§ **Prompt**
Reproduce exactly only the lines from the line that holds "The bathroom is" to the line that holds "Simplified Piano Score", inclusive, in the listing below, and please leave out every picture.

§ **Exercise inputs**
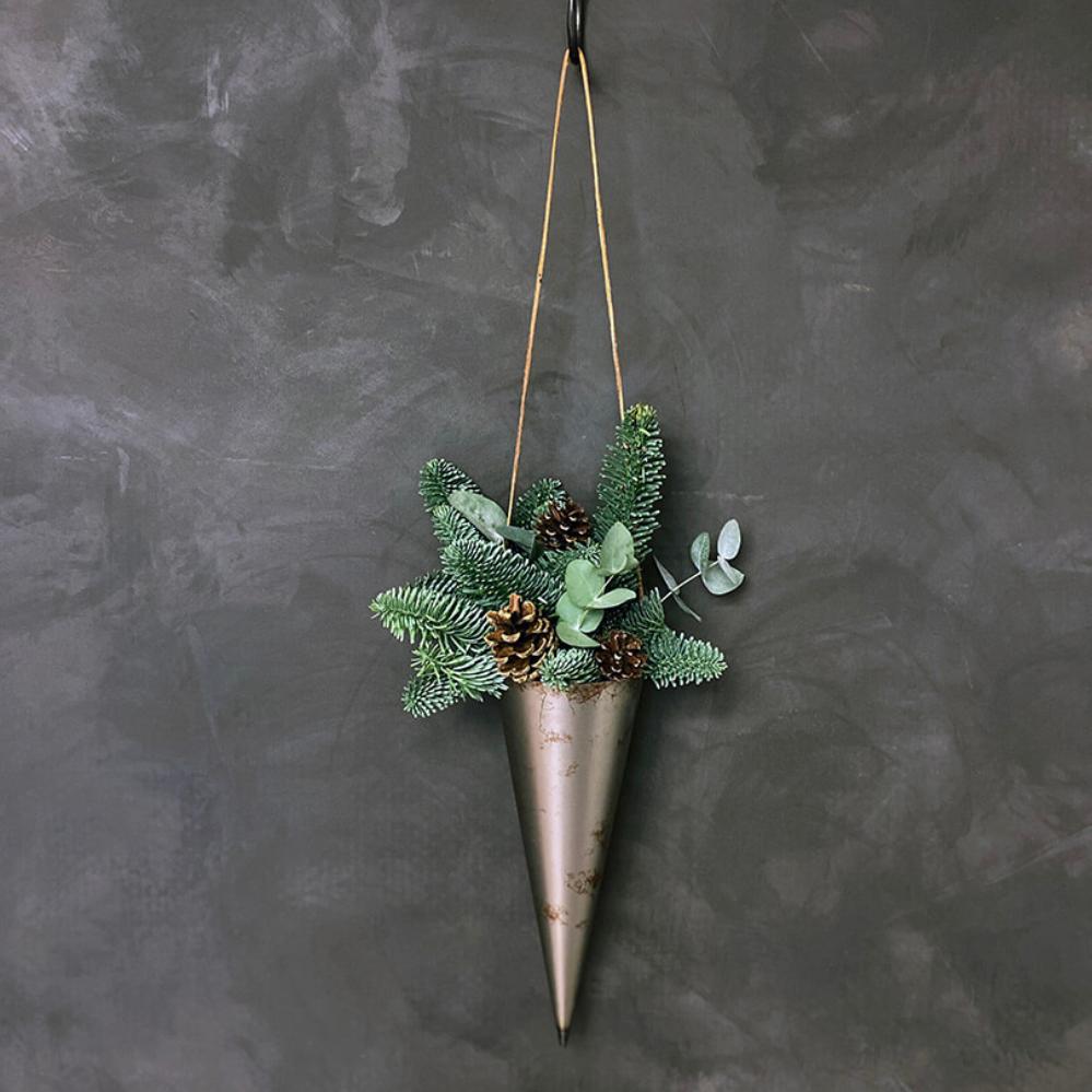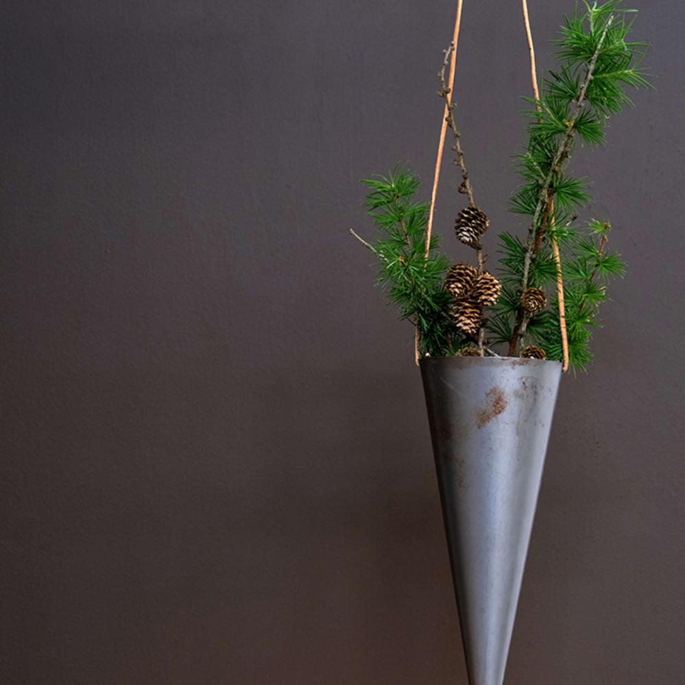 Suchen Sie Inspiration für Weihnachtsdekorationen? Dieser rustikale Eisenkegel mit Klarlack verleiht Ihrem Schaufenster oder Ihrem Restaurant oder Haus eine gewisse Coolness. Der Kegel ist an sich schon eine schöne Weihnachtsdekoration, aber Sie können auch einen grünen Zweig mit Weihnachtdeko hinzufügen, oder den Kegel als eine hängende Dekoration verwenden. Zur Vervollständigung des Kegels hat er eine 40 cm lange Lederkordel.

---

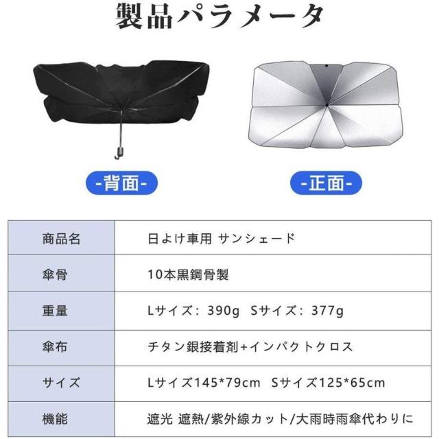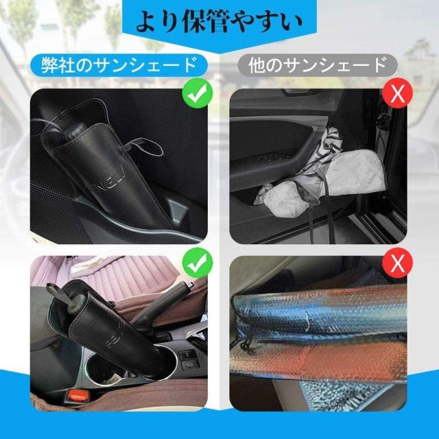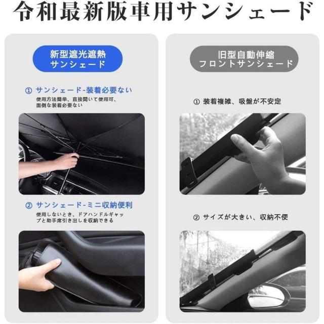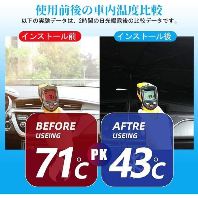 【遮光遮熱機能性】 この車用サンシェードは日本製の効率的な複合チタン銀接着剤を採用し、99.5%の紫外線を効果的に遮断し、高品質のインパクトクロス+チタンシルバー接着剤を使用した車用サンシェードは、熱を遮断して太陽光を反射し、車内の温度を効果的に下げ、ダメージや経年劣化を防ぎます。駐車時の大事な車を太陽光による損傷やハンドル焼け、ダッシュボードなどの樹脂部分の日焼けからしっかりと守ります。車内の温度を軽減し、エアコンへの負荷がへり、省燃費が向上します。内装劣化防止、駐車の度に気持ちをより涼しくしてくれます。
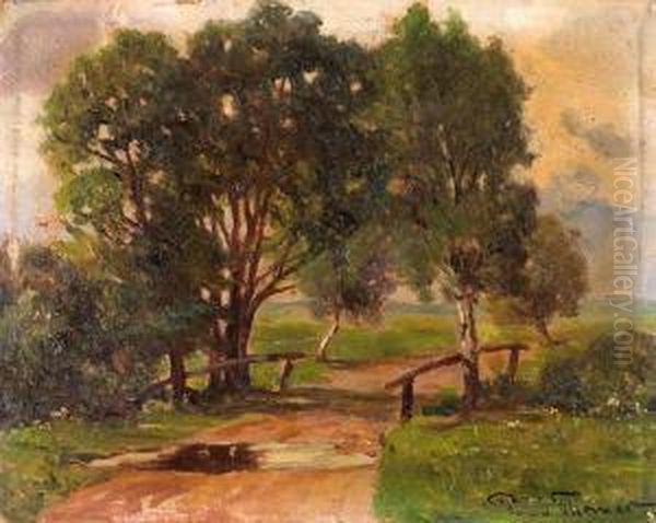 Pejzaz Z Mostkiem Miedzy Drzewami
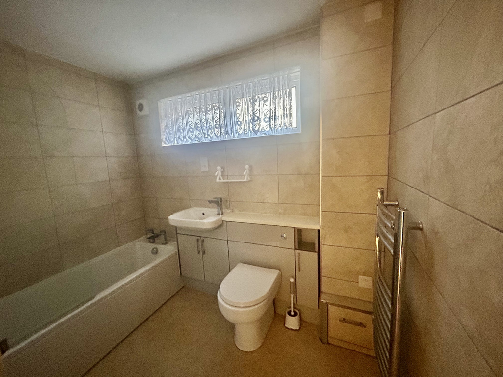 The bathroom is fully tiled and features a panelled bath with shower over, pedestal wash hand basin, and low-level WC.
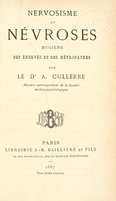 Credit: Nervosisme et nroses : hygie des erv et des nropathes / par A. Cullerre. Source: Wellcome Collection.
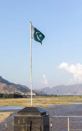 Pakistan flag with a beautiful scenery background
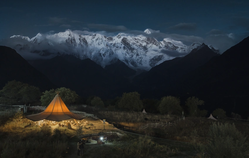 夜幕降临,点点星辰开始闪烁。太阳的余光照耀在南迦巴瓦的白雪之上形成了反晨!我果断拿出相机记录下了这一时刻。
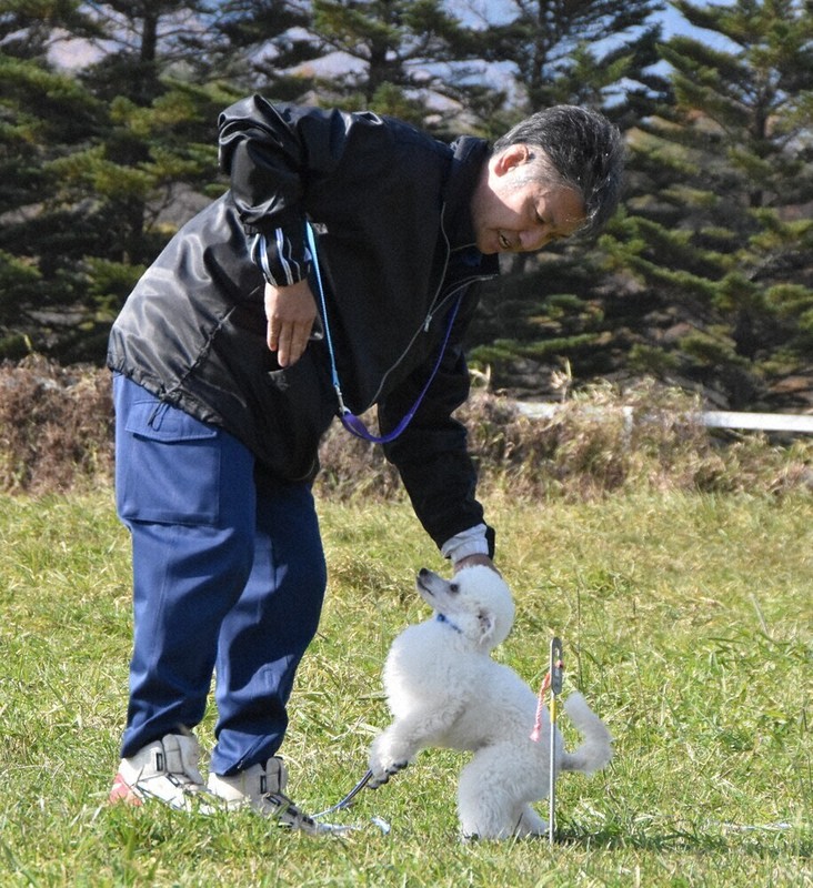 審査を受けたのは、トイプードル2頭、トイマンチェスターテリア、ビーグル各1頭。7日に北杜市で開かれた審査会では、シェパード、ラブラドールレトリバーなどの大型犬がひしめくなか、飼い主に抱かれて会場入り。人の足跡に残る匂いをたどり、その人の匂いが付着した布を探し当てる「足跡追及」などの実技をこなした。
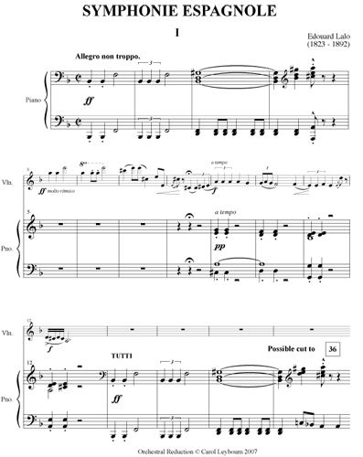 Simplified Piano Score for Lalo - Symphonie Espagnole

§ **Your response**
 The bathroom is fully tiled and features a panelled bath with shower over, pedestal wash hand basin, and low-level WC.
 Credit: Nervosisme et nroses : hygie des erv et des nropathes / par A. Cullerre. Source: Wellcome Collection.
 Pakistan flag with a beautiful scenery background
 夜幕降临,点点星辰开始闪烁。太阳的余光照耀在南迦巴瓦的白雪之上形成了反晨!我果断拿出相机记录下了这一时刻。
 審査を受けたのは、トイプードル2頭、トイマンチェスターテリア、ビーグル各1頭。7日に北杜市で開かれた審査会では、シェパード、ラブラドールレトリバーなどの大型犬がひしめくなか、飼い主に抱かれて会場入り。人の足跡に残る匂いをたどり、その人の匂いが付着した布を探し当てる「足跡追及」などの実技をこなした。
 Simplified Piano Score for Lalo - Symphonie Espagnole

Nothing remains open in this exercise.